Monitoring of Ground Movement and Groundwater Changes in London Using InSAR and GRACE

Groundwater-induced land movement can cause damage to property and resources, thus its monitoring is very important for the safety and economics of a city. London is a heavily built-up urban area and relies largely on its groundwater resource and thus poses the threat of land subsidence. Interferometric Synthetic Aperture Radar (InSAR) can facilitate monitoring of land movement and Gravity Recovery and Climate Experiment (GRACE) gravity anomalies can facilitate groundwater monitoring. For London, no previous study has investigated groundwater variations and related land movement using InSAR and GRACE together. In this paper, we used ENVISAT ASAR C-band SAR images to obtain land movement using Persistent Scatterer InSAR (PSInSAR) technique and GRACE gravity anomalies to obtain groundwater variations between December 2002 and December 2010 for central London.
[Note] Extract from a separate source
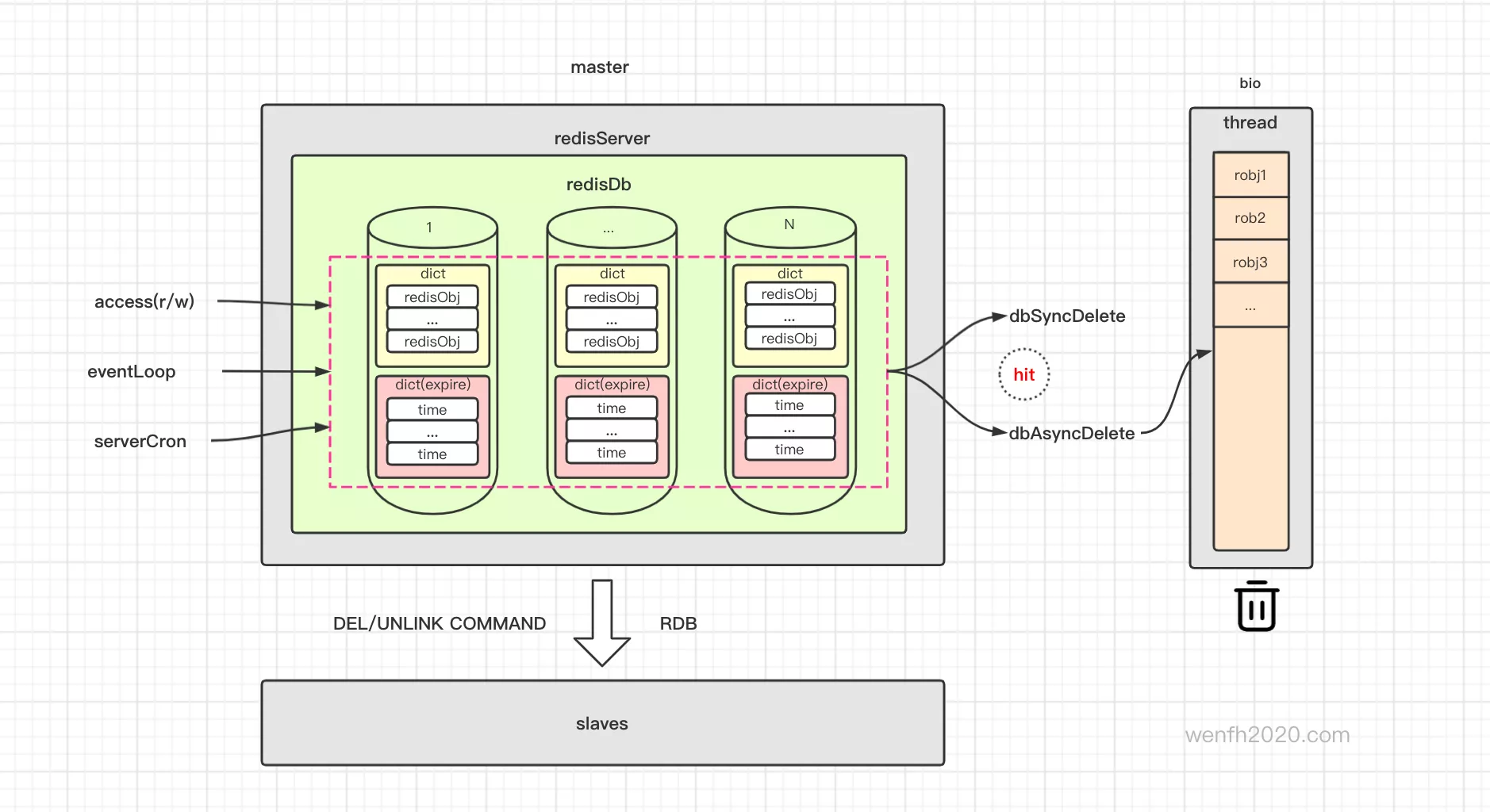 unlink 逻辑删除 key,数据放在 bio 线程异步删除。

Both experiments showed long-term, decreasing, complex, non-linear patterns in the spatial and temporal domain. The land movement values varied from −6 to +6 mm/year, and their reliability was validated with observed Global Navigation Satellite System (GNSS) data, by conducting a two-sample t-test. The average groundwater loss estimated from GRACE was found to be 9.003 MCM/year. The ground movement was compared to observed groundwater values obtained from various boreholes around central London. It was observed that when large volumes of groundwater is extracted then it leads to land subsidence, and when groundwater is recharged then surface uplift is witnessed. The results demonstrate that InSAR and GRACE complement each other and can be an excellent source of monitoring groundwater for hydrologists.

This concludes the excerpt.